Serving a website from a Git repo without cloning it

sho · on Feb 19, 2024

> It's fairly common to use git repositories as a vehicle for serving websites. The webdev pushes their changes to some branch of a publicly available git repository

This doesn't require the git repo to be public. My go-to "day one" static website deploy strategy is to set up a git remote on some VPS, point nginx at its public html folder, then "deploy" to that with a git push, authed by ssh key.

You'd be surprised how far you can get with simple tricks like this. I served about the first 6 months of what would become a multi-hundred-million company with this hilariously simple setup running on a $20/m DO VPS.

geek_at · on Feb 19, 2024

I do the same. My blog on a 9€/mo Contabo VPS survived multiple HN/Reddit hugs.

Lateley I've been playing with more configuration options like I have two servers configured behind a load balancer but with a heavy focus on server 1. Only if the response time of server 1 is under 500ms, server two is used, which hosts an almost identical site but with ads. So under normal circumstances nobody will see ads on my blog unless I get a huge spike (more than 600 concurrent users ususall)

p4bl0 · on Feb 19, 2024

I've been publishing my personal web page like this for more than 15 years now (the repos log history goes back to early 2009). I use a post-update hook that makes sure on each push that the working directory is on par with the master branch (so that things that are pushed to other branches aren't made public) and then the public site is rebuilt (using a Makefile and custom scripts making heavy use of xml2, 2xml, sed, and the coreutils, but that's another story).

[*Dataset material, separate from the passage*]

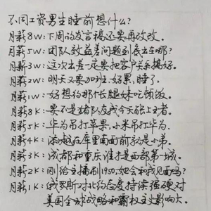 图片内容很有意思,说的是“不同工资男生睡前想什么?”

I can see why the author of the linked blog post would want to serve directly from the Git repository: it's fun. But I agree that it seems uselessly inefficient compared to (re)generating a static version of the site only when changes occur.

If there is no processing needed like in the case of the blog post, a simple post-update hook can easily do the trick: go to the public directory served by the web server, then set the GIT_DIR environment variable to point to the .git directory of your repository, then execute the command `git checkout main-branch -- .` to get all the static files out of the repository). This would then have the exact same external behavior as what is proposed in the linked blog post, but will be way more efficient (except of course if you have no visitors and update your website very very often).

qudat · on Feb 19, 2024

Oh I really like that idea!

Over at pico.sh we are trying to make it dead simple to host N static sites using common tools: rsync, scp, and sftp.

https://pgs.sh

It really should be as simple as you are describing!

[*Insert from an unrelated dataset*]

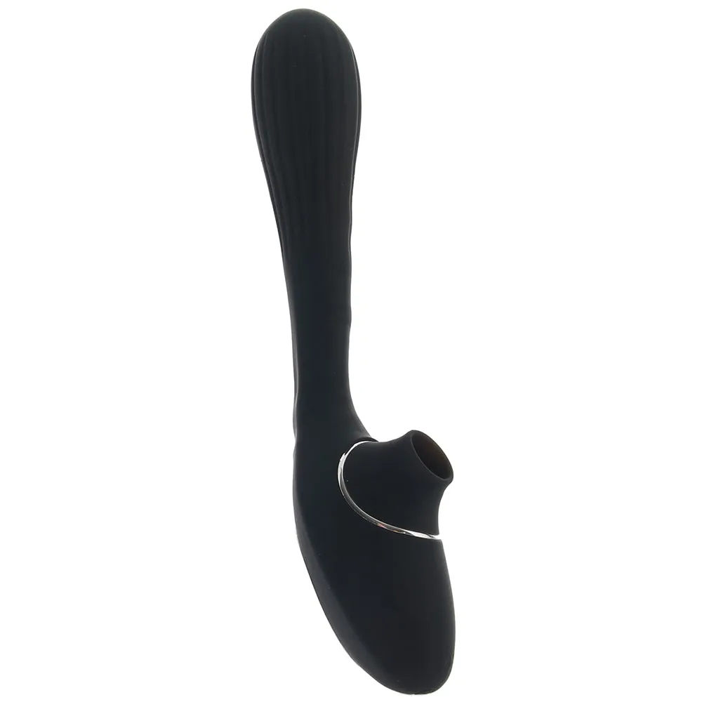 At one end, a curvy, swollen shaft rumbles and throbs in ten possible vibration patterns. Meanwhile, a sweetly sucking clitoral and outer air stimulator waits with ten more options at the opposite end. Straighten out the super-flexible shape to reap the orgasmic benefits of each end independently, or fold it over to take advantage of both at once. Inner vibration and the clit tapping functions are separately controlled with simple buttons, so you can pick and choose what feels best at any given time.

supriyo-biswas · on Feb 19, 2024

This approach is fine for static websites, but for web applications you should probably block requests to /.git so that people can’t clone your application off of the web.

p4bl0 · on Feb 19, 2024

The .git directory doesn't necessarily need to be in the public directory at all.

ozim · on Feb 19, 2024

It is always good reminder anyway to tell people to either make public dir not root of repo or block .git.

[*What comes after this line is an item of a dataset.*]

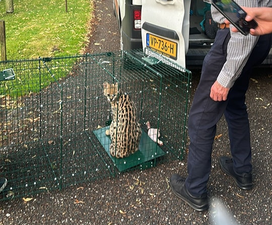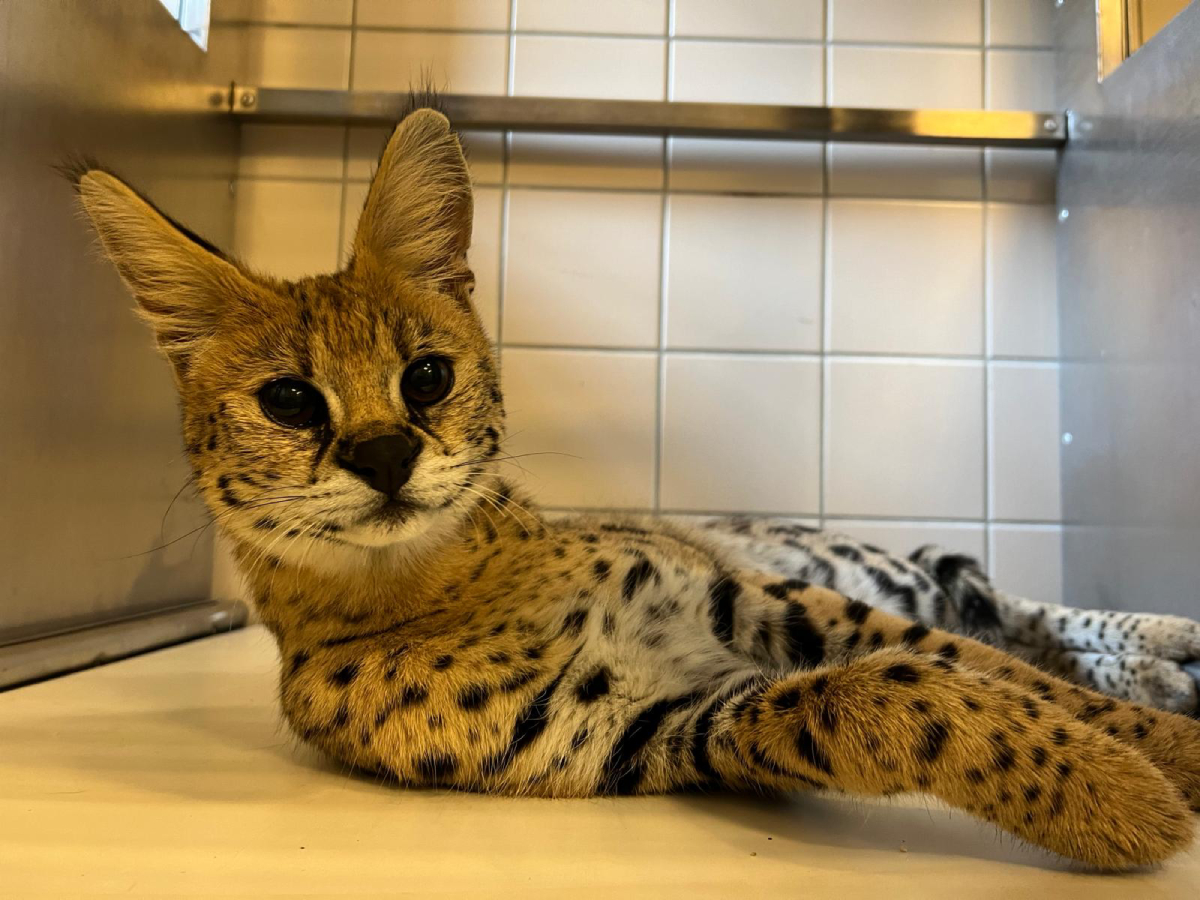 Serval Noa im Käfig der Tierambulanz. Foto: Dierenambulance Vianen en omgeving.

quectophoton · on Feb 19, 2024

If anyone wants to read more about this, search for `GIT_DIR` and `GIT_WORK_TREE` environment variables.

trifurcate · on Feb 19, 2024

Or, put your files under html/ in your repo, and push to /var/wwwroot (using the common /var/wwwroot/html setup)

dirkc · on Feb 19, 2024

If you're just serving static files, wouldn't a S3 website be easier and more robust?

0xFF0123 · on Feb 19, 2024

With unbounded running costs... There is something comforting about knowing it's always going to cost you $20.

dirkc · on Feb 19, 2024

True, didn't think about it from the limited cost perspective. Would be a lot of traffic to get you past $20, but a possibility like you say.

sitkack · on Feb 19, 2024

Put CF in front of that VPS and it is better than S3.

cpach · on Feb 19, 2024

One can also have CloudFront before S3, IIRC.

dirkc · on Feb 19, 2024

That is my goto setup for static or semi-static sites. In theory you could still see a runaway bill with CloudFront, although I haven't checked the numbers to actually see what magnitude of traffic would be needed for it to really hurt?

*edit* did a quick check, based on my definition of hurt about 1,000 request per second sustained for the month or > 12TB traffic would hurt. But then again, I'm sure there is some other weird edge case that AWS bills for that could incur more severe costs with less traffic. And that is what I take 0xFF0123 to imply

foldr · on Feb 19, 2024

Last time I checked it was a bit clunky to get these working with HTTPS.

dirkc · on Feb 19, 2024

If you use CloudFront it's easy now. Some years back you either had to do a complicated setup or pay something like 2k for a certificate!

foldr · on Feb 19, 2024

Hmm, yeah, doesn't look too bad: https://repost.aws/knowledge-center/cloudfront-serve-static-... Docs are confusing and you have to be careful to choose the option that's actually end-to-end HTTPS.

myaccountonhn · on Feb 19, 2024

It's very easy these days. I use nginx+nixos for hosting and it was one line to say use https.

foldr · on Feb 19, 2024

I was talking about hosting a website in an S3 bucket.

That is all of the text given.